Les libéraux sauvent la mise

PAYS-BAS

Le Premier ministre libéral néerlandais Mark Rutte semblait avoir battu hier son rival d’extrême droite Geert Wilders lors de législatives scrutées à la loupe en Europe, selon des sondages sortis des urnes.
Ces sondages diffusés à la clôture des bureaux de vote à 20h GMT créditaient les libéraux de 31 sièges sur les 150 de la chambre basse du parlement, et attribuaient 19 sièges aux chrétiens-démocrates du CDA, aux progressistes de D66, et au PVV de M. Wilders, avec lequel les principales formations ont d’ores et déjà exclu de gouverner. Les travaillistes du PvdA, partenaires de la coalition sortante, ont eux enregistré une défaite historique et perdu 29 sièges.
Après le Brexit au Royaume-Uni et la victoire de Donald Trump à la présidentielle américaine, tous les yeux étaient braqués sur la formation de Geert Wilders, dont le score est perçu comme un indicateur de la montée du populisme en Europe à moins de 40 jours de la présidentielle française et avant les législatives allemandes de l’automne.

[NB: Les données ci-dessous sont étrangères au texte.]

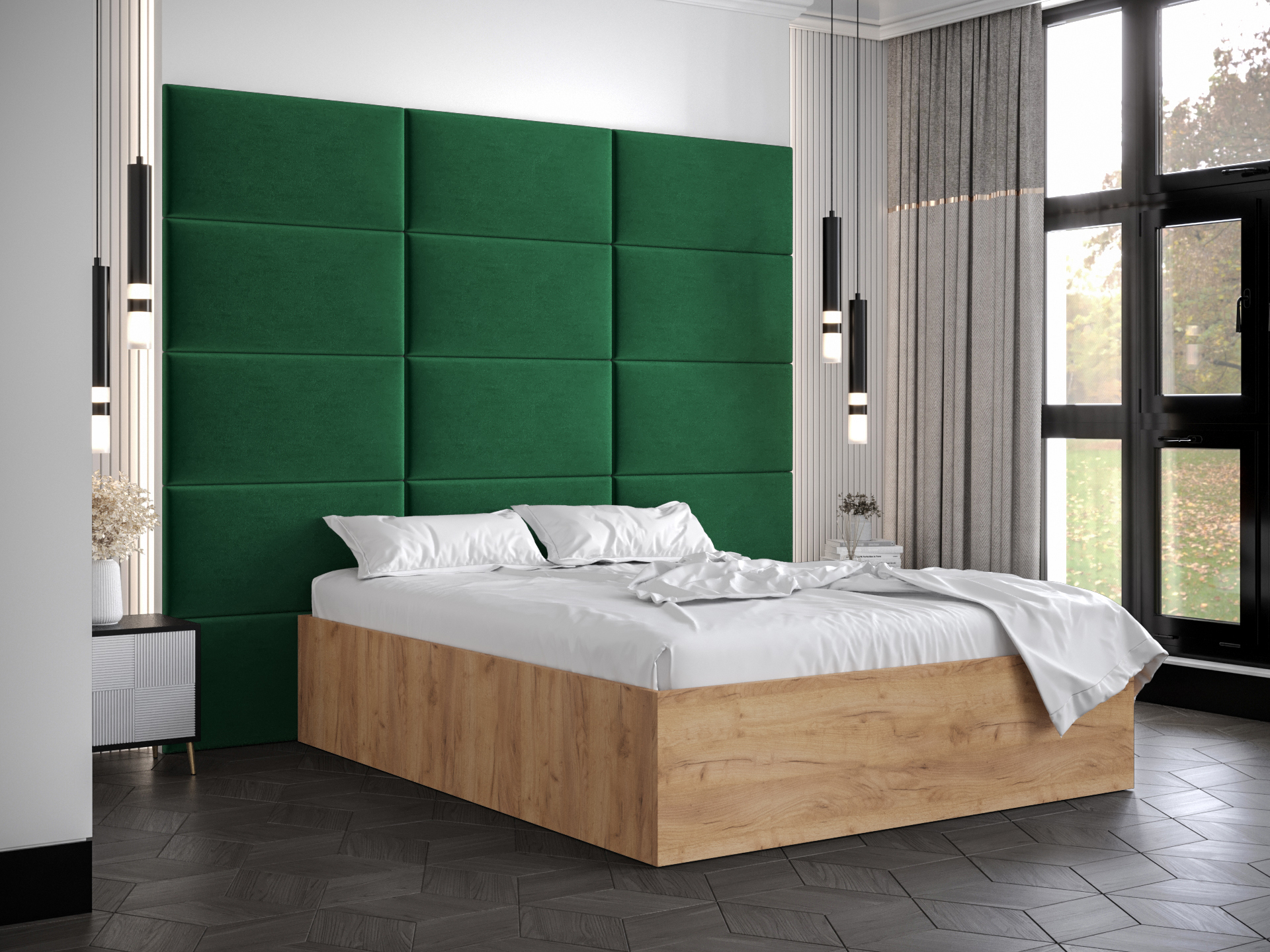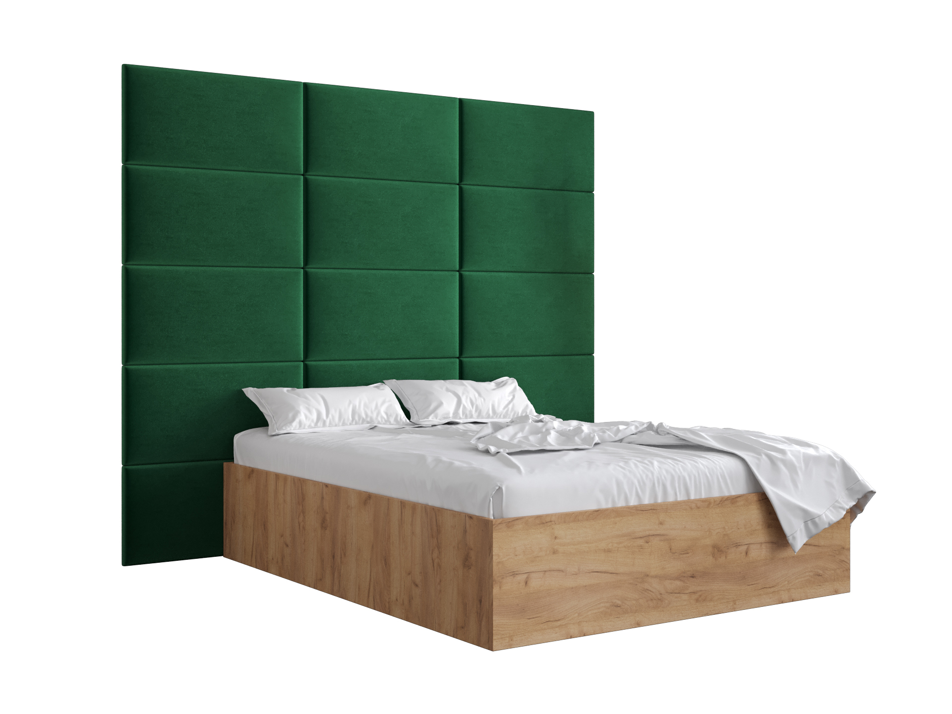 Pat matrimonial cu tăblie tapițată 160 cm Brittany 1 (Stejar craft auriu + verde) (cu somieră)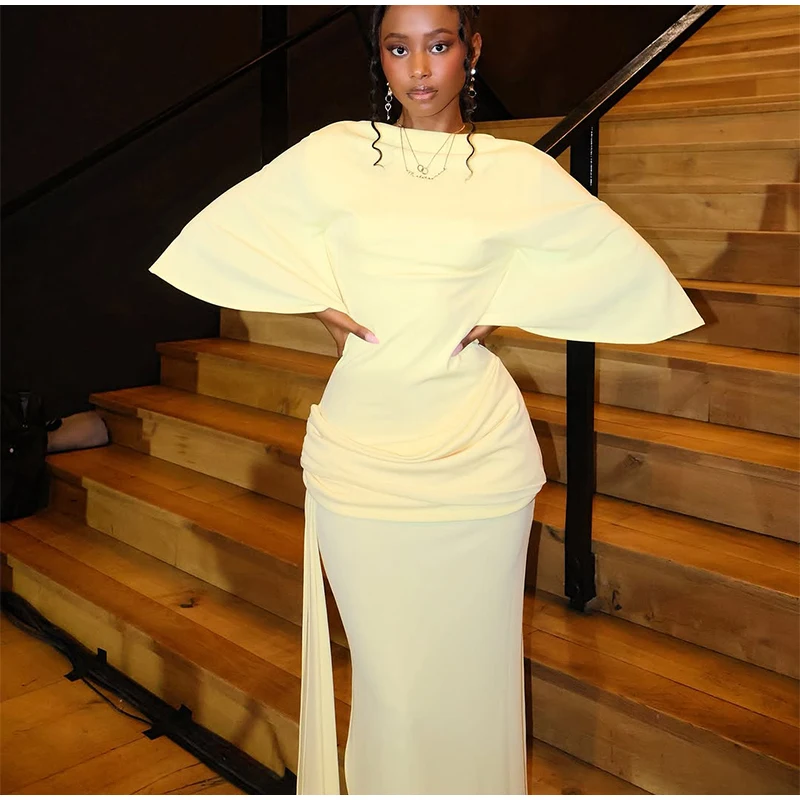 Elegant Backless Pleated Long Dress Women Half Sleeve Slim Slit Ribbon Evening Gown Female 2026 Spring Summer Autumn Lady Robes

Déjà marquée par les questions de l’identité et de l’immigration dans ce pays de 17 millions d’habitants, la campagne avait été phagocytée par l’éclatement le week-end dernier d’une crise diplomatique avec Ankara après l’interdiction faite par les autorités néerlandaises à des ministres turcs de participer à des meetings en faveur du président Recep Tayyip Erdogan.
Participation record
Autre victoire pour le pays, le scrutin a été marqué par une participation massive : 81% des 12,9 millions d’électeurs se sont rendus aux urnes, selon l’institut de sondage Ipsos. Aux dernières élections en 2010 et 2012, ces taux étaient de 74,6% et 75,3%. Plusieurs communes ont même dû réimprimer des bulletins de votes ou installer des isoloirs supplémentaires.
En votant, le Premier ministre sortant Mark Rutte avait affirmé que ce scrutin était « crucial » : c’est « l’opportunité pour une démocratie comme la nôtre de mettre un terme à l’effet domino du mauvais populisme ».

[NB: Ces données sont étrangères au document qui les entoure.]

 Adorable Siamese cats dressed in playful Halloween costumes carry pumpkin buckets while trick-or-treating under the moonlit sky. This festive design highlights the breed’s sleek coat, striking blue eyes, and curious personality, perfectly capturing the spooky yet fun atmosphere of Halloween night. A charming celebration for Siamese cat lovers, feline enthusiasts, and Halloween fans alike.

Le système électoral néerlandais à la proportionnelle presque intégrale oblige à créer des coalitions. Et dans un paysage fragmenté avec 28 partis candidats, la formation du gouvernement pourrait prendre des mois - le record est de 208 jours - et nécessiter un accord à quatre ou cinq partis. Le CDA et D66 sont des partenaires naturels pour les libéraux mais une telle construction aurait besoin d’un parti supplémentaire pour obtenir la majorité.